In other words, if the day ever comes when there is no need for long-haul truckers or there are far fewer truckers, those individuals who are predisposed to killing will simply find another way to keep on killing.
So where will the killers go next? Most likely, they’ll make the same transition that their victims and other kinds of murderers have made—they’ll move right on to the internet. Undoubtedly, some long-haul killers are already there. It makes perfect sense. Researchers D. J. Williams, Jeremy Thomas, and Michael Arntfield in a 2017 article for Leisure Sciences wrote about it.
“The disappearance of once traditional career paths will obviously have profound effects not only on the jobs held by offenders but also how they acquire their victims. Serial killers once used the guise of their employment to stalk and acquire specific victims or types of victims. But new research suggests that leisure activities . . . including online interactions, may be the new avenue through which serial killers troll for their victims.”
How long might it be before killer truckers start trading their semis for the cyber world in large enough numbers that the FBI’s HSK team notices? That day is nearer than you think.

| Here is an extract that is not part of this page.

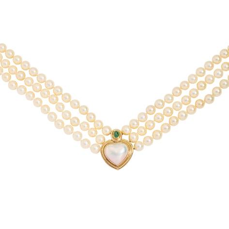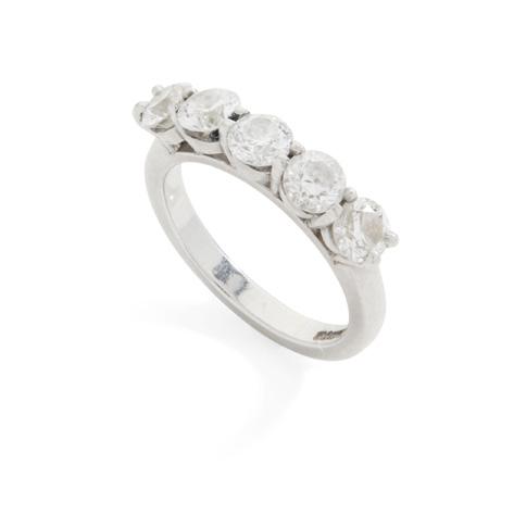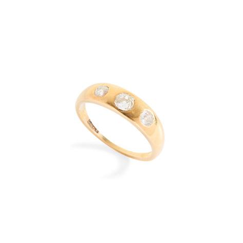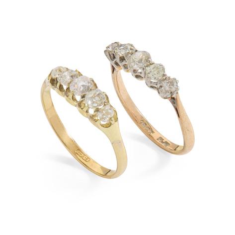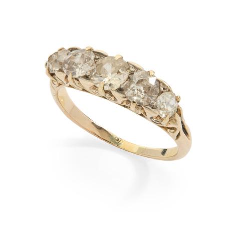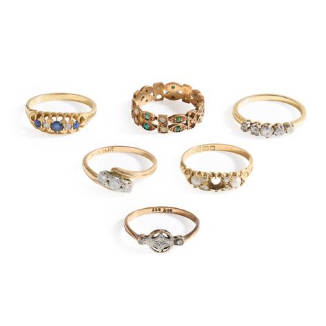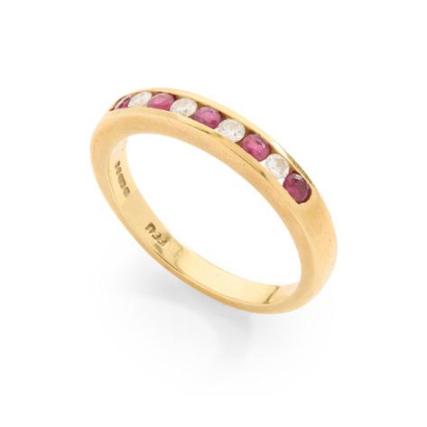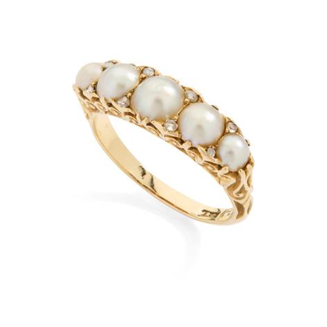 Claw-set with a row of graduated half-pearls, with diamond chip detail, plain band, stamped 18CT

The Future Is Now4 as Driverless Trucking Hits Nation’s Highways
April 22, 2022
(NewsNation)—Many Americans might not realize that driverless tractor-trailers are currently navigating the nation’s highways, hitting the open road with absolutely nobody behind the wheel. . . .
Autonomous driving technology company TuSimple was founded in San Diego in 2015 with a mission to improve the safety and efficiency of the trucking industry.
TuSimple is a developer of heavy-duty, self-driving trucks and the autonomous startup has already created a freight network along the Sun Belt from Phoenix to Houston.
“This is better, no doubt about it,” said Jim Mullen, chief administrator and legal officer for TuSimple. . . .
“It doesn’t get mad, there’s no road rage, it’s in no hurry,” Mullen said. “It doesn’t have the characteristics that we as humans sometimes have.”